BEGIN Data records

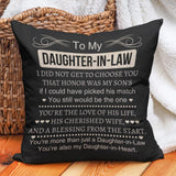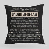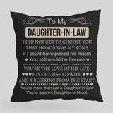 To My Daughter-In-Law - Sqaure Pillow is a heartfelt expression of love and acceptance that beautifully captures the bond between a mother-in-law and daughter-in-law. This charming pillow makes a perfect gift for a daughter-in-law from a mother-in-law, adding a personal touch to her home decor while serving as a constant reminder of your special relationship.
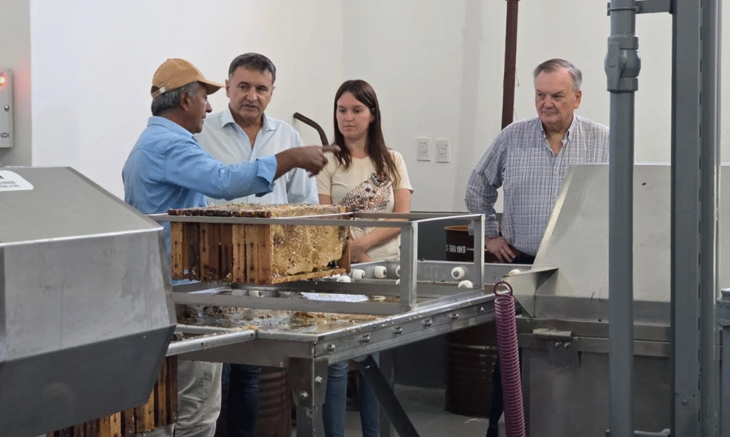 El senador Felipe Michlig, acompañado por el diputado Marcelo González y la presidente comunal de Ambrosetti, Dianela Michlig, visitó la flamante Sala de Extracción de Miel de la Cooperativa de Apicultores de Ambrosetti (C.A.A.L), recientemente inaugurada y ya en plena actividad productiva.
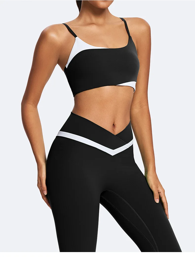 Top Sale Unique Design Color-Block Women Sportswear Cross Back Gym Wear Sexy Girl Fitness Running Yoge Sets
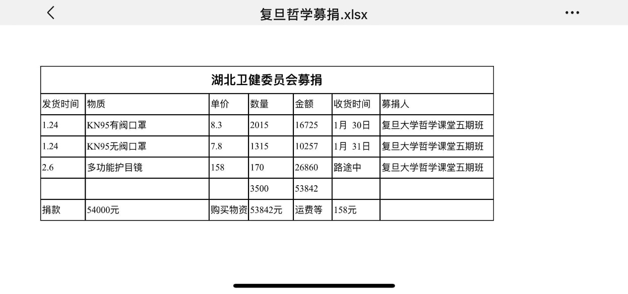 截止1月25日(大年初一),哲学五期师生(44位)共捐款人民币54,000元。全部款项购买物资分两批捐给湖北省卫健委,第一批物资:KN95口罩3330只(1月30日大年初六已经到达),第二批物资:护目镜170个(2月4日下单已发货,预计2月7日到达)。哲学六期师生(37位)从各自所交班费中捐出3342元,共计人民币123,560元。全部款项已购买两部分物资,第一部分:护目镜200只,100个已捐给湖北省黄冈市红十字会(2月3日签收)、100个已捐给复旦大学附属中山医院(2月5日签收);第二部分:澳洲产防护服800套,即将发给武汉同济医院、复旦大学附属中山医院。
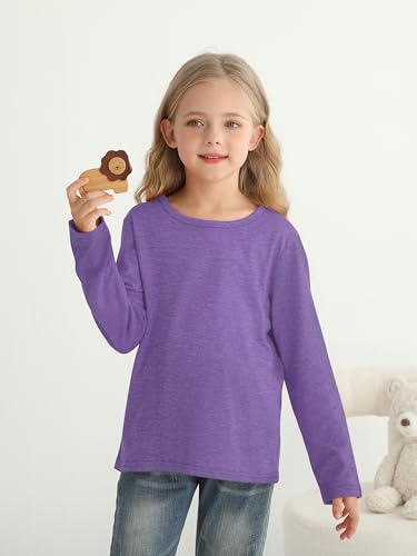 5 Pack Girls Long Sleeve Shirts Soft Crewneck Long-Sleeve T-Shirts Basic Tagless Layering Tees 5
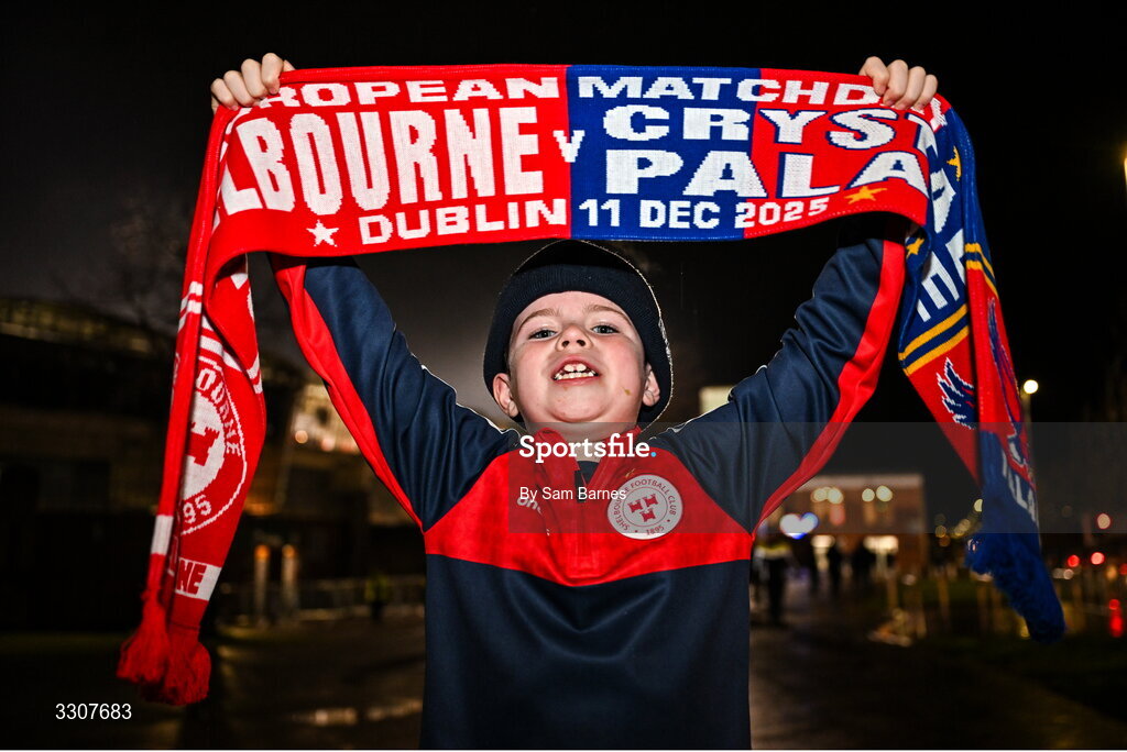 11 December 2025; Shelbourne supporter Sean Butler before the UEFA Conference League 2025/26 league phase match between Shelbourne and Crystal Palace at Tallaght Stadium in Dublin. Photo by Sam Barnes/Sportsfile

END Data records

**Exercise aim**
Would you transcribe, exactly and only, the lines from the one that contains "截止1月25日(大年初一),哲学五期师生" through the last line of the data above, without any pictures?

**Written solution**
 截止1月25日(大年初一),哲学五期师生(44位)共捐款人民币54,000元。全部款项购买物资分两批捐给湖北省卫健委,第一批物资:KN95口罩3330只(1月30日大年初六已经到达),第二批物资:护目镜170个(2月4日下单已发货,预计2月7日到达)。哲学六期师生(37位)从各自所交班费中捐出3342元,共计人民币123,560元。全部款项已购买两部分物资,第一部分:护目镜200只,100个已捐给湖北省黄冈市红十字会(2月3日签收)、100个已捐给复旦大学附属中山医院(2月5日签收);第二部分:澳洲产防护服800套,即将发给武汉同济医院、复旦大学附属中山医院。
 5 Pack Girls Long Sleeve Shirts Soft Crewneck Long-Sleeve T-Shirts Basic Tagless Layering Tees 5
 11 December 2025; Shelbourne supporter Sean Butler before the UEFA Conference League 2025/26 league phase match between Shelbourne and Crystal Palace at Tallaght Stadium in Dublin. Photo by Sam Barnes/Sportsfile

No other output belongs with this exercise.